I went into the hack-a-thon with visions of doors that could open. Other text adventure games waiting to be ported to this new platform. A wealth of opportunity for easy pickings. I had visions of new revenue sources dancing in my head.
At the hack-a-thon, I got to try my prototype out on an actual device. And there I learned it was terrible.
The game was way too verbose. On the screen there are lovely passages of detailed descriptions of the subterranean realm you are exploring. Some are just descriptive, others have clues to playing the game. But they were all much longer than was comfortable to hear in a computer generated voice. The game itself recognized this and would abbreviate the description after you had visited a place three times. But that still left an interminable amount of verbiage.

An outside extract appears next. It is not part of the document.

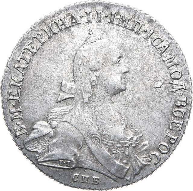 Descubra el valor actual de la moneda rusa de Poltina (1/2 rublo) de 1768 "Sin bufanda" con marca de ceca СПБ СА T.I.. Esta moneda de plata pertenece al tiempo de Catalina II y fue acuñada en la ceca de San Petersburgo. ¿Cuál es el precio de una moneda como esta? El precio récord pertenece al lote 319 vendido en la subasta Rare Coins por USD 8500. La subasta tuvo lugar el 26 de abril de 2014.

The take home was that what works well on a screen does not necessarily work well in voice. On a screen you can skip ahead, re-read, or just look for keywords. With voice you have to listen, from start to finish, at the pace the person is reading. The lesson learned was that every word must be relevant in voice. A three sentence response is pushing it. You as a developer/designer need to focus on using the minimum amount of verbiage to convey your message.
The gameplay just wasn’t interesting in voice. At the dawn of natural language parsing, much of the endearing fun of the game was finding out the exact language you need to use to trigger a certain action in the game. With a .001 Mhz processor and just over a megabyte of memory these machines don’t have a lot of space for aliases or sophisticated analysis. What was once an endearing process of learning how to communicate with a machine back in the day ends up being a U/X nightmare to a modern audience.
The lesson learned there is that voice is sufficiently different that just porting code will very seldom work. You need to redesign from the ground up. Choose-your-own-adventure type games have had some moderate popularity on the system. But they are generally composed of content custom to voice rather than ports of successes from other platforms.